Updated: July 28, 2006
Transport Tycoon is game where a player has to build his/her own transport kingdom. And that's about the only rule. You start a game as a young and eager entrepreneur (yes, it's an ugly word) with a small loan. You invest your money in transportation infrastructure and services for your world map cities and their industries. The idea is to build well facilitated networks of roads, railroads, airports, and docks that will transport people and goods between cities, in return for revenue that depends on the amount of transported (delivered) goods, the travel time and the distance. As the manager of your firm, you may or may not have to face competition from other AI players, who will vie to defeat you. Sounds boring? Not at all.
But wait! If you have idea what game I'm talking about, then you are missing a piece of history. Oh, before you read on, you should definitely refer to my (Open) Transport Tycoon Deluxe article.
How did I do it?
I used to play this game a lot. And when I say a lot, I mean I used to live Tycoon and play life occasionally. The last time I was able to do it was the day I removed Windows 98 and installed Windows XP. Thus endeth the era of DOS and Tycoon would no longer run. Trying all sorts of Windows tweaks to somehow bring this 16-bit application to breathe in a 32-bit world did not work.
Then, one day, the Open Community decided to help me. After months of hard work, the game engine was rebuilt by a Swedish programmer Ludvig Strigeus. Instead of just making OpenTTD run only on Windows, Ludvig used the cross-platform SDL graphics and sound layer to make the game run on almost any operating system. Not only could the DOS gamers and Windows users enjoy Tycoon once again, it was made available to the Linux, Mac, and even Solaris.
The game took off like a storm. Soon, there was a whole community of people involved in bringing this superb little game to life. And I was happy. I could play one of me favorite old timers once again.
Today, playing Tycoon cannot be simpler. Unlike Caesar III, for which I had to install VMware Player and Windows XP SP1 in it just to be able to play it, Tycoon requires very minimal effort to be enjoyed.
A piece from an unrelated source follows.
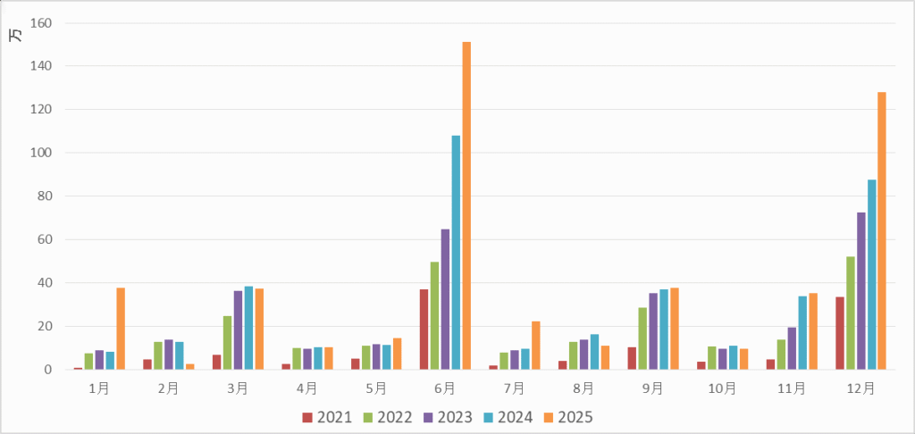 11月も強かったのに12月も普通に強かったですね。グラフを見てわかるように2025年は6月からずっと上がり続けていました。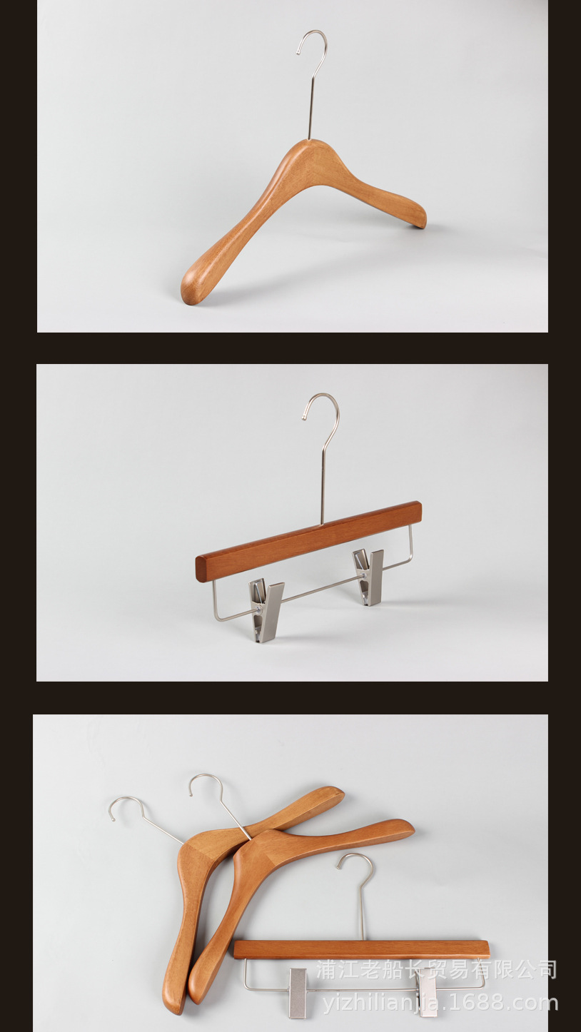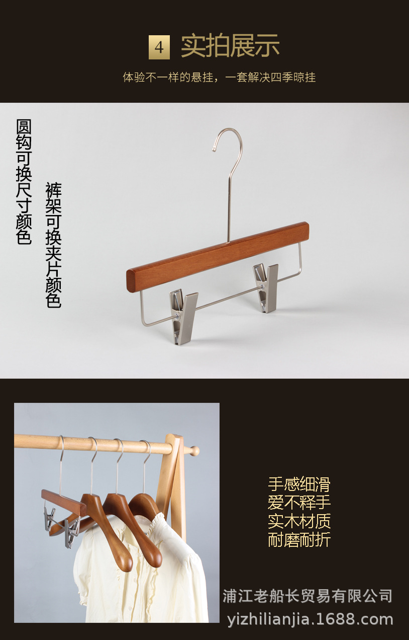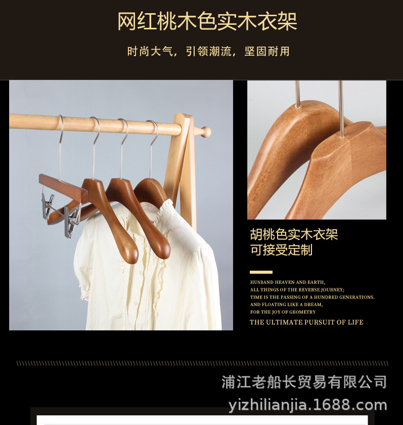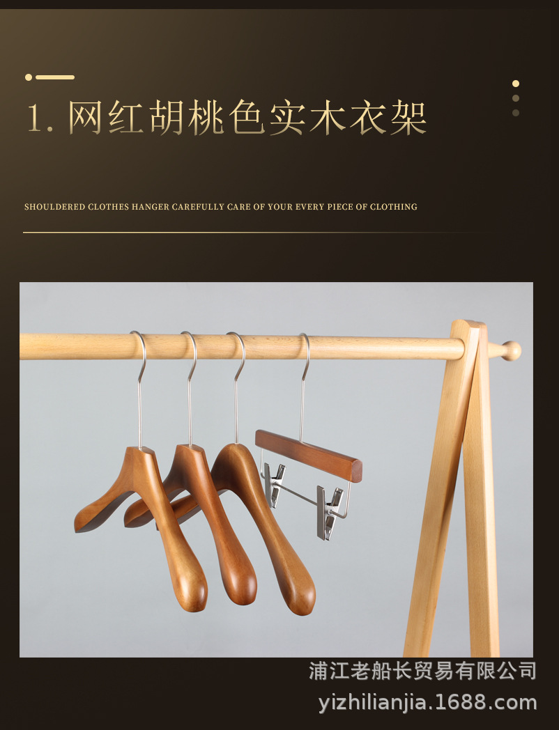 网红实木衣架服装店胡桃木衣挂女装复古烤漆新中式木头无痕裤架

Of course, you still need your original game, because OpenTTD uses the original graphics and music files.
What you need to do to play OpenTTD?
Head to OpenTTD site and download the game that fits your operating system.
Find your original Transport Tycoon Deluxe game and copy several files into the data sub-folder (directory).
If you have a DOS version of the game - TRG1.GRF, TRGC.GRF, TRGH.GRF, TRGI.GRF, TRGT.GRF.
If you have a Windows version of the game - sample.cat, trgl1r.grf, trglcr.grf, trglhr.grf, trglir.grf, trgltr.grf.
If you have a Windows version of the game and want music in the game, copy the gm sub-folder (directory) into the game's (OpenTTD) folder.
Extremely simple, isn't it?
Now, run the game and start building!